Es tut sich was am Anwesen Würzburger Straße 22 in Helmstadt. Seit vergangenem Montag dringen Hämmern, Bohr- und andere Arbeitsgeräusche aus den Fenstern. In dem Anwesen entsteht ein so genanntes Mehrgenerationen-Haus, wie es sich Bürgermeisterin Helga Schmidt-Neder auch in Marktheidenfeld wünscht.
In Helmstadt arbeiten neun junge Leute aus fünf Nationen emsig mit. Entsandt wurden sie vom Internationalen Bauorden (IBO). Der wurde 1953 vom holländischen Pater Werenfried von Straaten gegründet mit dem Ziel, junge Leute für die Mitarbeit beim Bau von Eigenheimen für Flüchtlinge und Vertriebene in Deutschland zu motivieren. Mittlerweile gibt es in vielen Staaten eigenständige nationale Bauorden-Organisationen.
Aus fünf Ländern kommen die Helfer, die gegenwärtig beim Bau des Mehrgenerationen-Hauses in der Würzburger Straße in Helmstadt mitwirken.

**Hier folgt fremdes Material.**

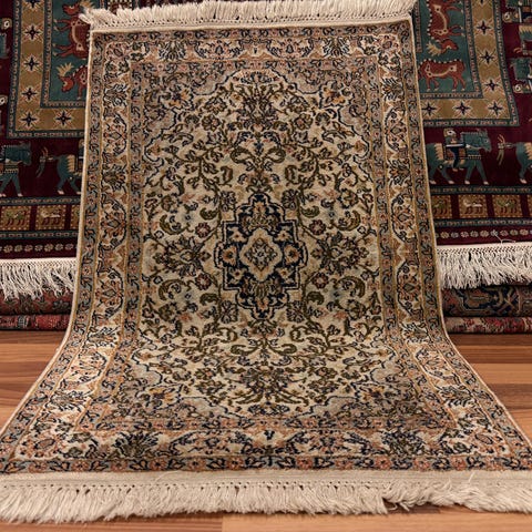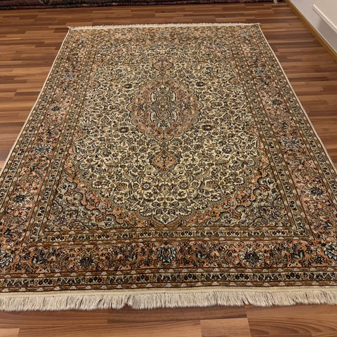 Upea käsin solmittu Kashmirin silkkimatto. Korkealaatuinen kudottu matto. Maton hapsut on kudottu puuvillasta ja kudos on 100 % silkkiä. Matto on 35/40 vuotta vanha ja täysin virheetön alkuperäinen silkkimatto.

Der Zweck hat sich mittlerweile geändert, nicht aber der soziale Aspekt. Freiwillige junge Leute werden auf Baustellen entsandt, wenn soziale oder kirchliche Einrichtungen gebaut werden: Kinderheime, Begegnungsstätten, Obdachlosen-Asyle, Altenheime oder Kirchen und Klöster. Voraussetzung ist, dass es sich um einen Bau von erheblichem öffentlichem Interesse handelt.
Die Mitarbeiter-Struktur ist vielschichtig. Meist handelt es sich nicht um Fachleute, sondern um sozial engagierte Menschen. Sie erhalten freie Kost und Logis sowie ein monatliches Taschengeld. Der Bauherr braucht für die Arbeit nichts zu bezahlen, allenfalls die Versorgung.
Bauherr ist Günter Kreuzpaintner aus Helmstadt. Mit seiner Firma „Cura fiducia“ (Sorge für Zuversicht) berät der gelernte Altenpfleger und Lehrer für Pflegeberufe seit 2003 Altenheime hinsichtlich ihrer inhaltlichen Entwicklung. Dazu hat er ein „Beziehungs- und Zuwendungsmodell“ (BZM) entwickelt.
Das Helmstadter Gebäude hat er von der Familie Lurz erworben. Bis März soll das Erdgeschoss bezogen werden. Darin will Kreuzpaintner eine ambulante Betreuungsstation für Demenzkranke sowie ein Bistro als Begegnungsstätte mit angeschlossenem Eine-Welt-Laden unterbringen.
Später will er im Obergeschoss eine flexible Kinderbetreuungsstätte anbieten. Nicht als Konkurrenz zum Kindergarten, sondern als Möglichkeit, Kinder ganz früh oder am Abend unterzubringen, wenn Eltern gerade keine Zeit haben und der Kindergarten geschlossen hat. Auch den rückwärtigen Teil des ehemaligen Bauernhofes will er in geeigneter Form nutzen. Wie genau, wird er erst entscheiden, wenn er einige Erfahrungen mit der Nutzung gesammelt hat.
Noch eine Woche bleiben die jungen Leute in Helmstadt. Die Wohnung für sie hat die Metzgerei Müller zur Verfügung gestellt. Versorgt werden sie ehrenamtlich von drei Frauen aus dem Ort. Der Obst- und Gartenbauverein hat sein Wasserhäuschen zum Speisesaal umfunktioniert. An diesem Samstag unternimmt die Truppe um Günter Kreuzpaintner einen Ausflug nach Würzburg und in die nähere Umgebung. Nächste Woche stoßen zwei weitere Helfer dazu.
Untereinander verstehen sich die jungen Männer und Frauen blendend, weiß Kreuzpaintner. Die Nationalitäten – holländisch, deutsch, bulgarisch, georgisch und russisch – bilden keine Barrieren; alle sprechen mehr oder weniger gut englisch.
Günter Kreuzpaintner (rechts) kann sich auf seine Helfer vom Bauorden verlassen. Die Georgierin Naira (Mitte) spricht sogar fünf Sprachen.
Die 22-jährige Naira kommt aus Georgien, hat ein Pädagogik-Studium hinter sich und spricht fünf Sprachen. Der 23-jährige Steinmetz Moritz aus Deutschland absolviert ein freiwilliges ökologisches Jahr beim Bauorden. Beim Objekt in Helmstadt kann er viel lernen: es wird nämlich nach althergebrachter Bauweise verfahren. Die Fachwerk-Zwischenräume (Gefache) und die Putze bestehen aus natürlichem Lehm, die Innenanstriche aus natürlichen Farben.
Alexander aus München opfert regelmäßig einen Teil seines Urlaubs für den Bauorden. Der 38-Jährige ist als Diplom-Elektroingenieur in der Entwicklungsabteilung einer inzwischen ausgelagerten Siemens-Sparte in München tätig.
Bei der Bevölkerung kommt das Projekt gut an. „Ich freue mich, dass das Anwesen sinnvoll genutzt wird und halte das Projekt für sehr gut“, sagte ein staunender Passant deutlich.